→ AVAILABLE DATA:
---

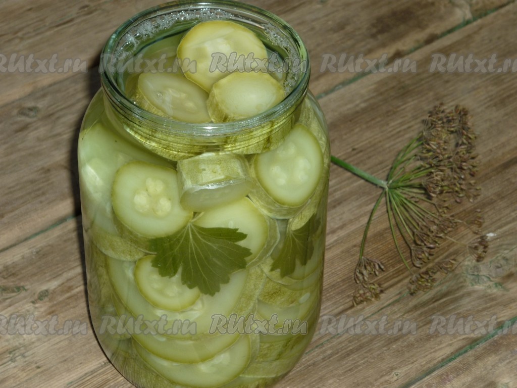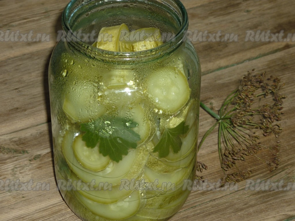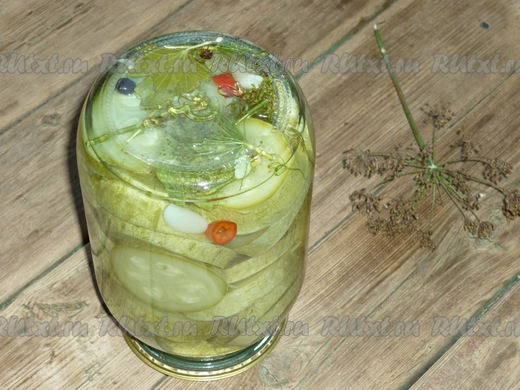 Залить кабачки кипящим маринадом, в котором они варились.
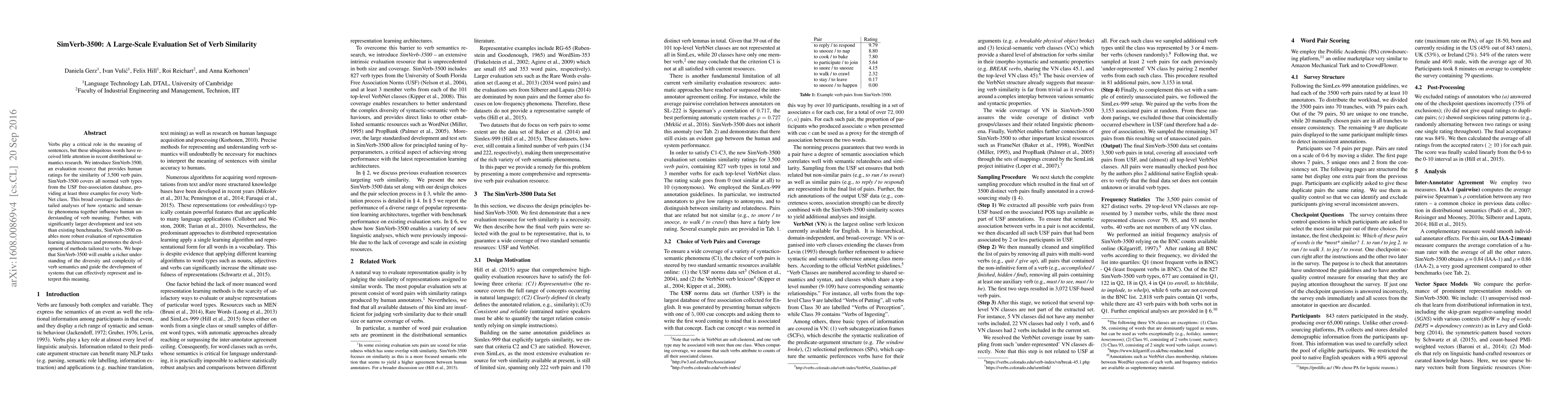 SimVerb-3500 is a new evaluation resource featuring human-rated verb similarity for 3,500 verb pairs, aiming to enhance distributional semantics research on verbs. It supports detailed analyses of verb meaning and promotes the development of advanced representation learning methods.
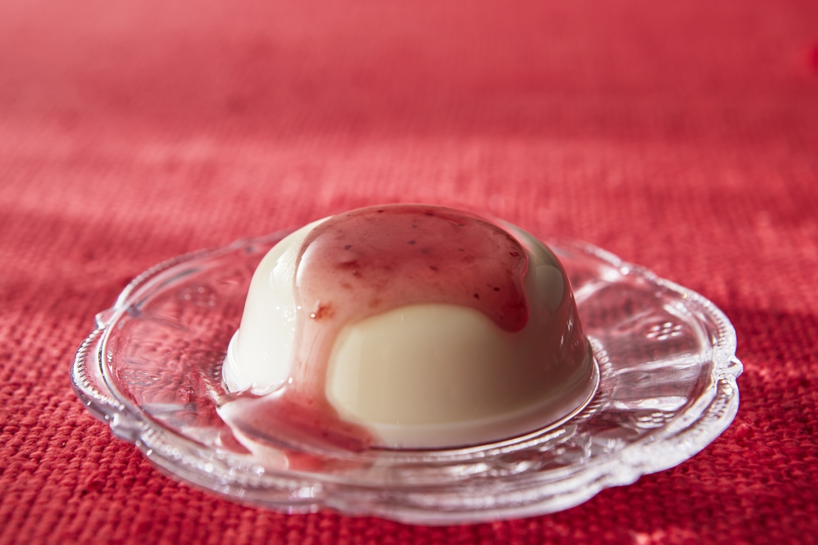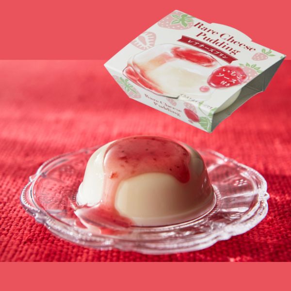 濃厚でなめらかな口溶けのレアチーズプリンに、甘酸っぱい苺ソースを添えました。

---

→ HOW TO COMPLETE THIS TASK:
With the pictures omitted, write out exactly the lines from the one that contains "SimVerb-3500 is a" through the final line of the material above, both ends included.

→ ANSWER TO THE PROBLEM:
 SimVerb-3500 is a new evaluation resource featuring human-rated verb similarity for 3,500 verb pairs, aiming to enhance distributional semantics research on verbs. It supports detailed analyses of verb meaning and promotes the development of advanced representation learning methods.
 濃厚でなめらかな口溶けのレアチーズプリンに、甘酸っぱい苺ソースを添えました。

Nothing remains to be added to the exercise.